So she makes an idiot of herself going into a closet in front of a weird therapist. Her week has already been a humiliating shitshow. Might as well roleplay being sixteen again with some wingbat therapist. “Alright,” Zoe says with a laugh, standing up from the couch. “Let’s try it. Why the hell not, right? I’ve got nothing to lose.” 

Dr. Sherman smiles. “Now the rules are simple: You can change your decisions, and your decisions only. Everyone else maintains their free will.” 

Zoe rolls her eyes. Sure. Because she’s going to be able to control how Dr. Sherman plays her mom. 

“Now, if you wouldn’t mind stepping through the door.” 

 Zoe stands up. “Is this really necessary? Couldn’t we just, like, say action or whatever?”

“Trust me. Go through the door.” 

Zoe shakes her head. She definitely doesn’t see how this could be at all a vital part of the role play. She studied to be a clinical social worker and she sure as hell doesn’t remember hiding in a closet as an essential part of the therapeutic experience. 

But she straightens her shoulders and stands up. Nods at Dr. Sherman, trying to seem game for this truly weird concept, and steps into the closet. 

Only to step out into the crowded hallway of her high school. 

Zoe blinks a few times. 

This can’t be right. It can’t be right. 

She looks down, at her feet. Sees she’s wearing a pair of jeans with stars drawn on the cuffs. There’s stars on her sneakers too. On her back is a bag full of books. 

Zoe takes a step forward, uncertain and convinced she’s dreaming, and bumps into someone’s shoulder. 

“Jesus watch where you’re going,” The other kid snaps. 

“I’m s-sorry -”

”Stuck up bitch,” The kid sneers and walks off. 

Zoe stares after him for a long moment. 

This is a dream, she thinks to herself. A really weird and specific dream with a convoluted plot. And I need to wake up. 

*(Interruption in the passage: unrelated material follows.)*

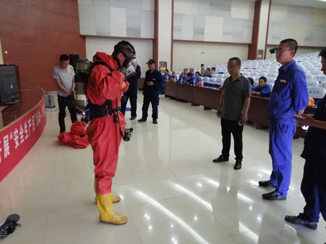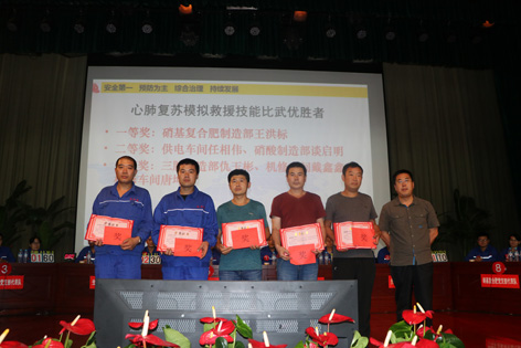 6月21日下午,公司組織各車間、制造部在聯(lián)合會(huì)堂開展了應(yīng)急救援器材比武活動(dòng)。活動(dòng)分正壓式空氣呼吸器、輕型防化服穿戴和心肺復(fù)蘇模擬救援兩個(gè)項(xiàng)目,正壓式空氣呼吸器、輕型防化服穿戴比武共19人參賽,心肺復(fù)蘇模擬救援比武共14人參賽。 正壓式空氣呼吸器、輕型防化服穿戴比賽,原料車間張士營以66秒100分的成績獲得第一名,硝酸制造部孔德庚、三胺制造部唐孝宗獲得二等獎(jiǎng),硝基復(fù)合肥制造部竇榮剛、硝酸制造部咸化玉、硝酸制造部談啟明獲得三等獎(jiǎng)。 心肺復(fù)蘇模擬救援比賽,硝基復(fù)合肥制造部王洪標(biāo)以98%的成功率獲得第一名,供電車間任相偉、硝酸制造部談啟明獲得二等獎(jiǎng),三胺制造部仇玉彬、機(jī)修車間戴鑫鑫、機(jī)修車間唐坤敬獲得三等獎(jiǎng)。

Zoe turns and heads back through the door where she came. Obviously that’s the key to the whole thing, right? She dreamed of a magical door, and if she goes back through it, she’ll be back. Like… Narnia or whatever. 

She steps through the door. 

But she’s not in Dr. Sherman’s office, or even in her bed waking up. 

No, instead she’s face to face in the door of a classroom with someone she hoped she’d never see again. 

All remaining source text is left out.